Challenges with Arrow and Parquet in a (reasonably substantial) Julia Project

I was curious if you could expand on this a bit. In my experience Arrow.jl is well supported and performant.

I haven’t used it much but there is also Parquet2.jl which is actively developed.

5 Likes

Arrow.jl does not support the C interface so it’s not possible to zero copy an arrow object between languages. It also doesn’t support ADBC or Arrow Flight, which I think would be really beneficial to allow users to host a Flight server with Julia as a backend.

For all IO, I have found using DuckDB.jl and its support across other languages to be helpful, although its client api is not officially supported.

Instead of JSON + StructTypes, I have found Serde.jl to be helpful.

Arrow.jl doesn’t support streaming correctly. It also reads the entire arrow data into memory, despite the file being uncompressed. I had some other issues which I don’t remember that forced me to first switch to Parquet because at least Parquet was supported by Julia, then even Parquet.jl broke. Then I switched to DuckDB.jl, and alas, duckdb 0.9.1 segfaulted only on Julia. By that time I just switched to Python and Rust fully.

2 Likes

Are you talking about Parquet2.jl and Arrow.jl? What problems did you have?

Edit: This is discussed above already.

Arrow.jl and Parquet.jl.

Arrow.jl has:

  • No memory-mapped reads
  • No real streaming (doc says it has, but it actually reads the whole table in memory)

Parquet.jl has:

  • Can’t read my data, period.

I didn’t know Parquet2 before I switched language. I mean, Parquet.jl is supposed to be maintained by JuliaIO, so I never looked elsewhere.

2 Likes

well, Parquet2.jl cannot read my parquet file :slight_smile:

through no fault of @ExpandingMan — I appreciate his prompt attention when I have submitted issues — I guess it is due to some known issue in CodecLz4.jl

but the fact remains that I cannot really use Julia for this task

Huh, is thread-splitting some discourse magic I am not aware of?

Well, I am a happy user of Arrow.jl… Much faster to store and read files in .arrow format than doing that with .csv files…

I admit, I don’t have files larger than my RAM…

But I think reading files larger than your RAM should work…

One immediate, though perhaps not incredibly useful example, is Arrow.Stream.
Arrow.Stream implements Tables.partitions in that it iterates “tables” (specifically Arrow.Table), and as such, Arrow.write will iterate an Arrow.Stream, and write out each Arrow.Table as a separate record batch.
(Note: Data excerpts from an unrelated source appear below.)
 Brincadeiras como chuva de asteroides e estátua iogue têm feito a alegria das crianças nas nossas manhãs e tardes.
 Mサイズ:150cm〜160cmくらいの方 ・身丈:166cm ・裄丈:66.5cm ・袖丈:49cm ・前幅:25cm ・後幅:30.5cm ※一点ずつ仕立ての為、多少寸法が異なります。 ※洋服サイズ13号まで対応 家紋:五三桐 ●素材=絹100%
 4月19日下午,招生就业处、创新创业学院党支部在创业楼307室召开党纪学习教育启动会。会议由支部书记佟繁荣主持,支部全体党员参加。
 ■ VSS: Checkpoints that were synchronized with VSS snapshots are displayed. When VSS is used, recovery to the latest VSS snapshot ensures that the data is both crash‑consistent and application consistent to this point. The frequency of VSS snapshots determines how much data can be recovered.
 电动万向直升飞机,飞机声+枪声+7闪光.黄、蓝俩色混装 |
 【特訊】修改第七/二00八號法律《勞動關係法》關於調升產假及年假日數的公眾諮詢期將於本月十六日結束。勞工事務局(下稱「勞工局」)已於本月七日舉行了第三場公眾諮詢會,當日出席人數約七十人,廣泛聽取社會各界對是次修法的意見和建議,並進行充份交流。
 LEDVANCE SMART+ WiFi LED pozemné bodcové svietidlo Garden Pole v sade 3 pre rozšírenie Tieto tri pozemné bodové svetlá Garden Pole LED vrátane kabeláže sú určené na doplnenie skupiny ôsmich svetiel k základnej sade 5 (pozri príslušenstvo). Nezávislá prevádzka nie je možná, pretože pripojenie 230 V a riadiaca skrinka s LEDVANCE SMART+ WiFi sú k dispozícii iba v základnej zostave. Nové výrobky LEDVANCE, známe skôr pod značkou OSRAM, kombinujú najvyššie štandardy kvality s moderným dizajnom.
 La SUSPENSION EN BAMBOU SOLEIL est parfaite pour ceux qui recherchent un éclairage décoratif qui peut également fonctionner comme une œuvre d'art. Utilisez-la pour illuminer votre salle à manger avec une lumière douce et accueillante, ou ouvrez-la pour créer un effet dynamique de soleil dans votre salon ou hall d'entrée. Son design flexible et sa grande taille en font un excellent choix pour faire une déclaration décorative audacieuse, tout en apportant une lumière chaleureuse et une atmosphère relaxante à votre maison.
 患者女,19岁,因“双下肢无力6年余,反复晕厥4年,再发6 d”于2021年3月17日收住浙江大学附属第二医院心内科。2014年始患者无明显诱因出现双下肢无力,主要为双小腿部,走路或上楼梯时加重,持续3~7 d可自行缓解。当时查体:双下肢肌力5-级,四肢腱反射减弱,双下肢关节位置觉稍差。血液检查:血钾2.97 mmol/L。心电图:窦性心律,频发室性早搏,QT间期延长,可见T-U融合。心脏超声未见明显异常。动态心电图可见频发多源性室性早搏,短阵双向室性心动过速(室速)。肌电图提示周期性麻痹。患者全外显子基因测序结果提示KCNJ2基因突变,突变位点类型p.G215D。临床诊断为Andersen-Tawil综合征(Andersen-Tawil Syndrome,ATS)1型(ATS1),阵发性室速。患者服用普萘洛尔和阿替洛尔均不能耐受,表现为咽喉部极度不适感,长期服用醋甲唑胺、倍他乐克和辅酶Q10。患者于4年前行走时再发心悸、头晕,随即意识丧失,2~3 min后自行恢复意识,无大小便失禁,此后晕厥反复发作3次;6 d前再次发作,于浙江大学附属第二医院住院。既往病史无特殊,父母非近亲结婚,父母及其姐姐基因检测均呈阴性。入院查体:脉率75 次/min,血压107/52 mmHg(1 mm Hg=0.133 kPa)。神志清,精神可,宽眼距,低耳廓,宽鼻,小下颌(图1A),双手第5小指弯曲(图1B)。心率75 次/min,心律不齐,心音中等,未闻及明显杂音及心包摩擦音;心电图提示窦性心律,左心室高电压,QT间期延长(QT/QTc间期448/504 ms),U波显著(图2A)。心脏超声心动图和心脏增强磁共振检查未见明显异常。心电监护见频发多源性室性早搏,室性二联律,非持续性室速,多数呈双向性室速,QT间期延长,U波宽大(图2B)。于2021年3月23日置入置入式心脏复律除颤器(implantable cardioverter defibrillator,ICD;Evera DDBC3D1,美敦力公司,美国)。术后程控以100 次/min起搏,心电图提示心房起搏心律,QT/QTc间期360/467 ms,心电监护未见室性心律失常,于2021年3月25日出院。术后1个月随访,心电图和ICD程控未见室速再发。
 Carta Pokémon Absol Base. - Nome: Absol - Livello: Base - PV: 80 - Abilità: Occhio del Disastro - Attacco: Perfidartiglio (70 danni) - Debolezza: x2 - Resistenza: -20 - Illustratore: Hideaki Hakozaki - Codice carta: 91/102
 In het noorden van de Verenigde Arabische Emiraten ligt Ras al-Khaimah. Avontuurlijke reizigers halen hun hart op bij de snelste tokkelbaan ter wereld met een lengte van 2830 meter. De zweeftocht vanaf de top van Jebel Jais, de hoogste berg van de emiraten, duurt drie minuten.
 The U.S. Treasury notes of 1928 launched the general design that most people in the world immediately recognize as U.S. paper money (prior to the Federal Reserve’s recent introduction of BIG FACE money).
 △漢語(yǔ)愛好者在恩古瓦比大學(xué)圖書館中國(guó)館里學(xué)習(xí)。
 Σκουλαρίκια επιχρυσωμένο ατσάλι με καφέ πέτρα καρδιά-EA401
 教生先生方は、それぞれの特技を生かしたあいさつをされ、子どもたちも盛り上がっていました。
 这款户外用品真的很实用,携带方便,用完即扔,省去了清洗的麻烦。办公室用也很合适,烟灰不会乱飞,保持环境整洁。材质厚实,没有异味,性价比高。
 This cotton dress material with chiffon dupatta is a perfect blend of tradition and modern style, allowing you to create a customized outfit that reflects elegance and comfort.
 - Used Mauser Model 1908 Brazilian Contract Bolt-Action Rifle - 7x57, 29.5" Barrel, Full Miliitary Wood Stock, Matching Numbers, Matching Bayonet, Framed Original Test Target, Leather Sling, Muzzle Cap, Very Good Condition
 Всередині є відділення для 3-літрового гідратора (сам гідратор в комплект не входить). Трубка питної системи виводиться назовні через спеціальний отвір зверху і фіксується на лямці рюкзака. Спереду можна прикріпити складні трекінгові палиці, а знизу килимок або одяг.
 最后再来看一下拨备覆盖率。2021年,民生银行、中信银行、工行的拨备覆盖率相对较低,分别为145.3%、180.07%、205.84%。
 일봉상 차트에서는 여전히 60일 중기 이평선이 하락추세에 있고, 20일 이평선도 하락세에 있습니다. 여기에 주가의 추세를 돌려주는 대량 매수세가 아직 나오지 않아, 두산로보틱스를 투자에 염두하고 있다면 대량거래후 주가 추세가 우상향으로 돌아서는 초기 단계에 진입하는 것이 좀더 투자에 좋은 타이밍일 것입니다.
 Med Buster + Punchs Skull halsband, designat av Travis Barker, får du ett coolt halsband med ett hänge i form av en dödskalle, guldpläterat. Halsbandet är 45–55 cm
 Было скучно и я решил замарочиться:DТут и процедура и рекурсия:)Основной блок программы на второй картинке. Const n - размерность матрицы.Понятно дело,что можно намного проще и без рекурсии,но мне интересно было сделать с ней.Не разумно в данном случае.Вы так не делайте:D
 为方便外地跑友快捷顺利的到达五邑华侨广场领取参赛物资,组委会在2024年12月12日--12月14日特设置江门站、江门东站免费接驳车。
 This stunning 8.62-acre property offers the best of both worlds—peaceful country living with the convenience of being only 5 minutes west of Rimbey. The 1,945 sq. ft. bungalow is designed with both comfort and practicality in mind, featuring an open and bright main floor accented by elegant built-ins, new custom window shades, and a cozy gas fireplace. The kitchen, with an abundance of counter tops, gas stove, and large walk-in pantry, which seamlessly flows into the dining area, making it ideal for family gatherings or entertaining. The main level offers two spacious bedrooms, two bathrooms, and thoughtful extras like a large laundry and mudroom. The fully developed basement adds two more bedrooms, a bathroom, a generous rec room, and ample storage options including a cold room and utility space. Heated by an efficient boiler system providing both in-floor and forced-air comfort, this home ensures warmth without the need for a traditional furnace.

If it doesn’t work for you, please provide an MWE that reproduces the problem.

2 Likes

I don’t remember exactly why I dropped Arrow.jl. Either streaming straight up didn’t work, or working with Table.partitions was too tricky.

I was dealing with some IPC files that were nearly 30GB, with zstd compression.

Well, if you say something doesn’t work or is too tricky without asking for a solution here on Discourse, well, this is really your problem, and not a problem of Julia or the Julia ecosystem…

1 Like

Well, between “figuring out myself”, “asking questions”, “trying another format”, and “switch to Python and have it working right now”, I simply chose the last.

11 Likes

There has only been three commits in the six months to Arrow.jl since the repo moved under Apache.

Apache arrow asked for examples from each language on how to serve arrow via http, and almost all languages except Julia have been completed.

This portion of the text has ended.